The Asian powerhouse is expected to have a GDP per capita, adjusted for purchasing power, equal to $ 25,307 in 2025. This will take it beyond Argentina, one of the richest countries in the world there. a century and now plunged into debt and currency crises.
Jim O’Neill, former head of global economic research at Goldman Sachs Inc., which coined the acronym BRIC for Brazil, Russia, India and China in 2001, says the bloc “could collectively become more bigger than the G-7 countries ”in the 2030s, in reference to the Group of Seven richest nations. “It’s almost exclusively because of China and, to a lesser extent, India,” he says.
There are many other noteworthy findings in the data, which show big jumps, especially among countries in Eastern Europe and Asia.
Turkmenistan is expected to be the only country to climb higher in the rankings than China, with 58 places. There are also big wins for Armenia, Georgia, Vietnam and Bangladesh.
Overall, developing countries in Asia will see their GDP per capita increase six-fold over the period. In contrast, Latin America and the Caribbean, the Middle East and Central Asia are not even expected to double their income.
Among the G-7 economies, the average GDP per capita rose from $ 31,471 to $ 64,582 expected in 2025. Italy is the only member that is expected to drop sharply in the rankings, from 35th to 21st place .
The United States has generally maintained its position in the world. It ranked 11th in 2000, with a GDP per capita of $ 36,318, and is expected to drop to 9th. But its neighbors have fared less well. Canada is expected to drop six places to 24th place and Mexico is one of the biggest losers of the period, dropping 26 places to 77th place by 2025.
In general, the economies of Latin America and the Caribbean have lagged behind over the past quarter century. They are also among the hardest hit by Covid-19 this year, with GDP per capita expected to decline in all economies in the region except Guyana. In Venezuela, things got so bad that the IMF did not even attempt to make a forecast – but by 2019, the country’s residents had already seen GDP per capita drop 36% from 2000.
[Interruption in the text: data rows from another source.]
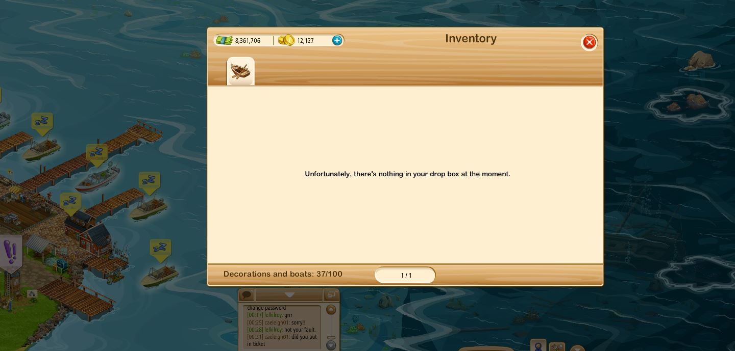 While in the DockYard, I have never seen anything in that box. EVER. however please note along the bottom of the inventory box it says decorations and boats 37/100. So either I have 0/100 items or I have 37/100 items I cannot see. This may need to go to support but I have spent the last 37 minutes trying to get to support and no joy. (not sure where the problem is but can't get to support. Again I have never gotten anything for fishing region from this box. My Dock yard is Level 8 see screen shot below
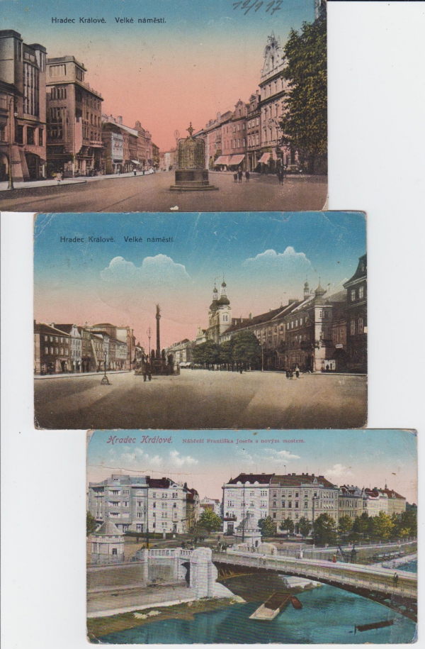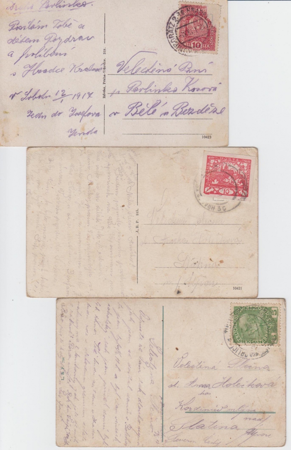 sestava 3 pohlednic; Q2 - odřené růžky
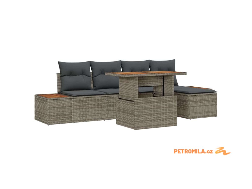 - Functional Components: Tento set obsahuje boční pohovku, centrální sedadla, taburet a zahradní stůl, všechny s vestavěným úložným prostorem. Tento multifunkční design poskytuje praktické využití pro další věci, udržujíc přitom prostor uklizený a organizovaný bez kompromisů ve stylu.

Haiti has not recovered from the devastating earthquake of 10 years ago, despite billions of dollars in aid. It is expected to rank 183rd out of 191 countries measured in 2025 – up from 159th in 2000, and the lowest ranked country in the Western Hemisphere.
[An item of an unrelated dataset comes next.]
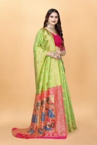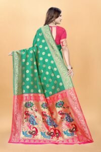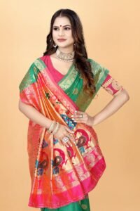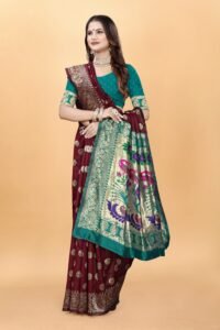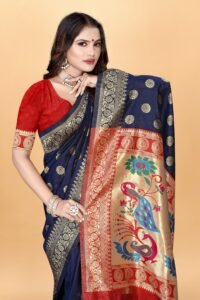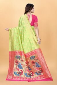 Be the first to review “Women’s Gorgeous Kanjivaram Banarasi Art Silk All over Paithani Weaving Sarees With Blouse Piece S-207”

The countries of the Persian Gulf, among the richest in the world at the turn of the century, have lost ground with the fall in the price of oil. Bahrain, Kuwait, Oman and Saudi Arabia all rise to the top 20 in the world as living standards stagnate or decline.
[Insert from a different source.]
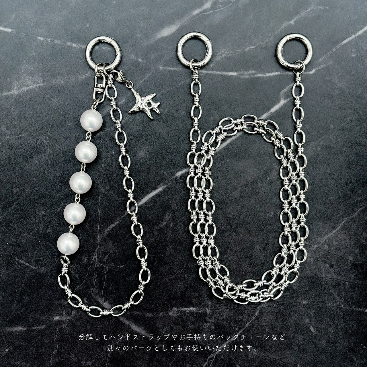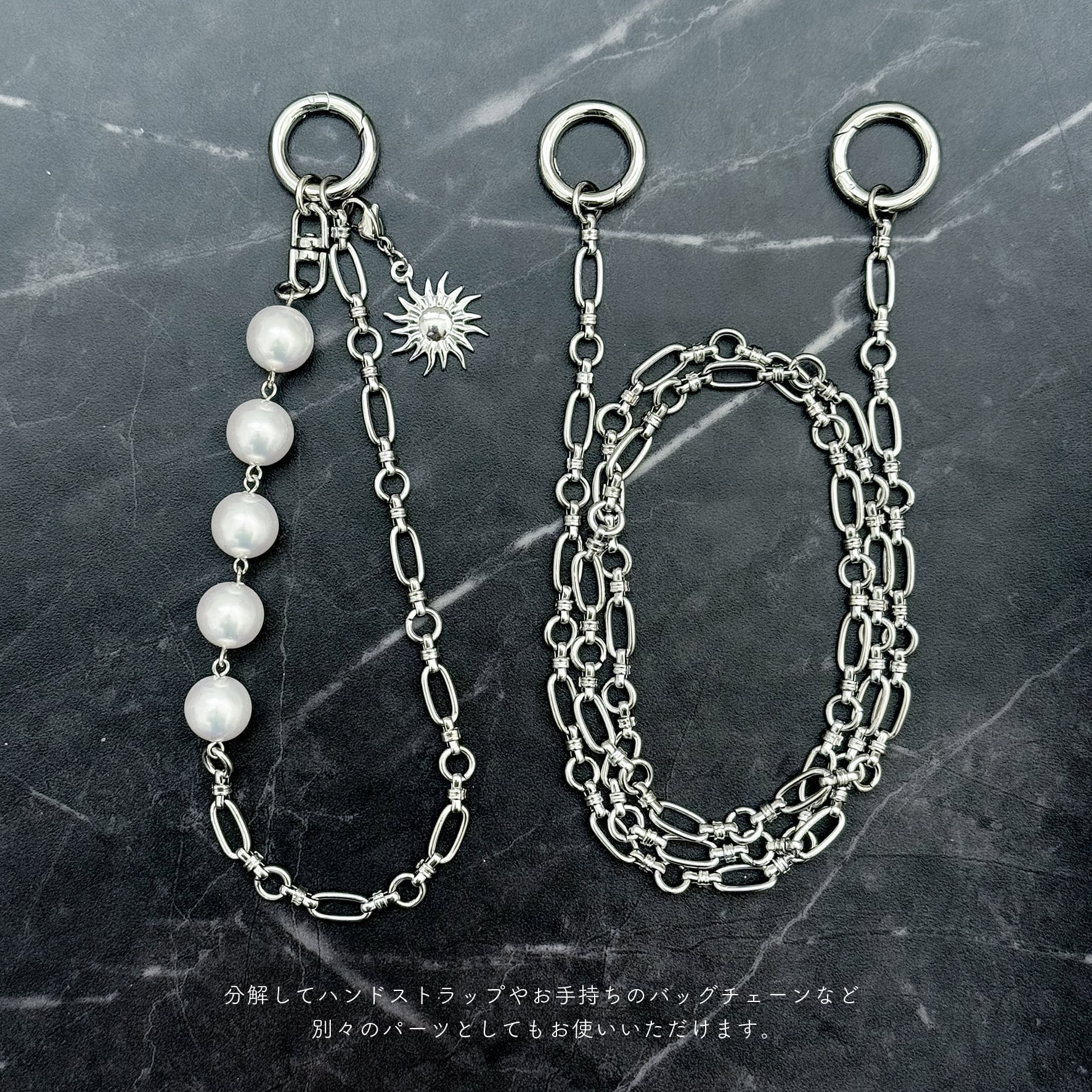 また接続用金具には丸カラビナを使用しているので、バッグや服につけてコーディネートのワンポイントとして,また(お手持ちのバッグ等の仕様によっては)バッグの持ち手としてなど、マルチにお楽しみいただけます◎

Others in the region have been devastated by war and political turmoil. Libya, Syria and Yemen saw steep declines. In Lebanon, the situation is so dire that the IMF expects a 25% contraction in GDP this year alone. The woes of the Middle East are reflected in the fact that the five countries that IMF projections will have lower per capita incomes in 2025 than at the turn of the century are in the region.
Sub-Saharan Africa continues to lag behind the global economy, although there are some bright spots. While only Seychelles and Gabon had a GDP per capita above $ 10,000 in 2000, by 2025 six more economies are expected to reach or exceed that level.
The increase in living standards is most spectacular in Asia.
In China, GDP per capita nearly doubled from 2000 to 2006, did so again before 2013, and is expected to double again by 2024 – an annualized growth rate of 9.1% over a 25-year period.
The Asian city-states of Macao and Singapore are expected to rank among the world’s top three riches, joining Luxembourg. Singapore’s per capita GDP, which exceeded that of the United States in 2006, is expected to reach $ 115,445 by 2025 by the IMF.
In the year 2020 of the coronavirus, the IMF expects only four of the world’s 50 largest economies to achieve an increase in per capita GDP, with Vietnam, Taiwan and Egypt joining China.
Most of the others bounce back pretty quickly. The five countries with the highest number of Covid-19-related deaths – the United States, Brazil, India, Mexico and the United Kingdom – are all expected to post strong rebounds. However, during the pandemic, they will have lost more ground to the benefit of China.
“Chinese companies have not only reported the greatest success to date in recovering production lost by Covid-19, but also plan to achieve the fastest full recovery,” said Chris Williamson, economist at IHS Markit. “American companies come second.”